4.10 Abolition of the nonfeasance rule would remove the need to make the nebulous distinctions that characterise application of the rule. These distinctions and the difficulties surrounding their application are described at paras 2.6 to 2.18. As noted in para 2.6, the complexity and uncertainty introduced into the law by the need to make these distinctions is itself a strong argument for reform. This argument might be answered if it could be shown that the distinctions were of some value in determining the situations in which highway authorities should be exposed to liability. However, in the Commission’s view, the distinctions are without merit for this purpose. Consider the central distinction made between nonfeasance and misfeasance. A highway authority can never be liable for nonfeasance, yet a highway authority’s failure to act in a given situation might be just as culpable as negligent action. What should be at issue is the reasonableness in all the circumstances of the case of the highway authority’s conduct, whether founded in action or inaction. Similar arguments can be made in respect of the distinction made between public authorities acting in their capacity as highway authorities or in some other capacity and the distinction between artificial structures and the fabric of the highway itself. There is no reason to suppose that local councils have or should have less regard for public safety in the maintenance of highways than they have in the maintenance of other public amenities or that highway authorities themselves distinguish between artificial structures and the highway itself in assessing whether repair work is to be done.

4.11 In its submission to the Commission, the Local Government and Shires Associations sought to justify the non-feasance/misfeasance distinction in the following way:


    Where a road authority elects to carry out work on a particular section of a road under its control it is in a good position to examine what the consequences of that work will be. Thus, if a consequence is that a dangerous situation is created and damage could be expected it would reasonably be held liable for that damage. In this way the liability under the common law for misfeasance can be justified.
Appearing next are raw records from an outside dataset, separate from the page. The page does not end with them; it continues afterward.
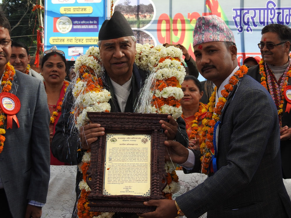वाणिज्य सङ्घले पूर्वप्रधानमन्त्री देउवालाई सोही अवसरमा १२ किलोको मालाले अभिनन्दनसमेत गरेको थियो । यही फागुन २६ गतेसम्म सञ्चालन हुने महोत्सवमा १७० कक्ष छन् । महोत्सवमा दैनिक उपभोग्य सामग्री, गारमेन्टका सामग्री, इलेक्टोनिक्स, अटोमोबाइल, कृषिका आधुनिक औजार सामग्री, बाल उद्यान, दुग्धजन्य वस्तुलगायत राखिएका छन् ।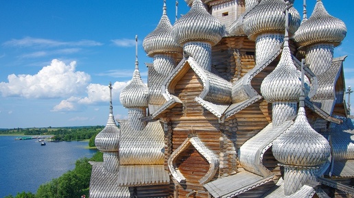 Путешествие по самым удивительным деревянным церквям, сохранившим дух старины. Один из самых узнаваемых памятников. Он был создан в 1714 году и входит в состав ансамбля Кижского погоста, находящегося на острове в Онежском озере. Возведение осуществлялось без единого металлического гвоздя, основная конструкция — из сосновых брёвен, а для кровли использован осиновый лемех, благодаря чему купола имеют серебристый оттенок. До Кижей удобнее всего добираться из Петрозаводска на скоростных кораблях «Метеор» или теплоходах; путь занимает около 1 часа 20 минут...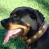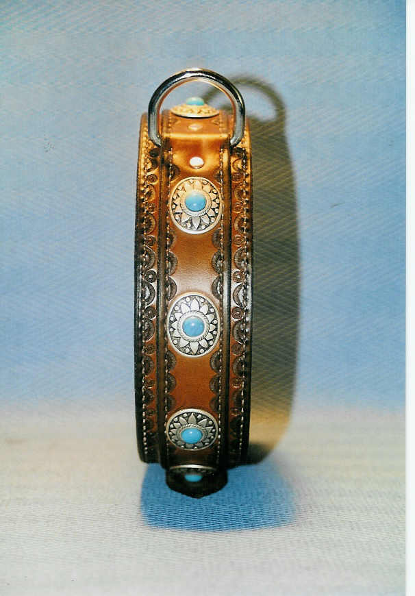 Elle porte un collier en cuir « mexicain » avec décors martelés

    However, we say that a highway authority, with scarce resources, cannot be expected to be liable for all situations which potentially may arise on all sections of the roads under its control in the event that certain works, whatever they may be, are not carried out by it. Thus there is equal justification for the existing common law immunity for nonfeasance.


    We would submit that while resources for roadworks remain limited, road users must continue to recognise that repairs may not be effected on all areas of road and they must be prepared to regulate their driving accordingly. On the other hand, we accept that road users are entitled to be protected against traps created by road authorities or arising from works undertaken.
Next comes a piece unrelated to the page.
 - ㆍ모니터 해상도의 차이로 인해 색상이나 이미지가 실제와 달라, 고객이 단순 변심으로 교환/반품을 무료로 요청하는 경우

In the Commission’s opinion, the Associations’ argument is flawed. It is not correct to say that because a highway authority cannot be expected to be liable in all situations that may arise, it should never be held liable. Application of ordinary principles of negligence would not impose an absolute liability. The Associations’ argument does not support the proposition that highway authorities should be immune from liability even where, taking into account all the circumstances of the case, they have behaved negligently in failing to act.

D. The Rule Provides an Incentive Not to Repair

4.12 In theory the nonfeasance rule provides a disincentive for highway authorities to undertake repair works. If they undertake the work, or attempt partial repairs, they risk liability for misfeasance. If they do nothing they are safe. While there is no evidence to suggest that highway authorities succumb to this temptation, it is undesirable that the temptation exists.10 Conversely, if the rule were abolished, there would be an incentive for highway authorities to carry out maintenance and to take other measures aimed at preventing accidents in order to reduce their exposure to liability. This would provide a much more satisfactory basis for the law.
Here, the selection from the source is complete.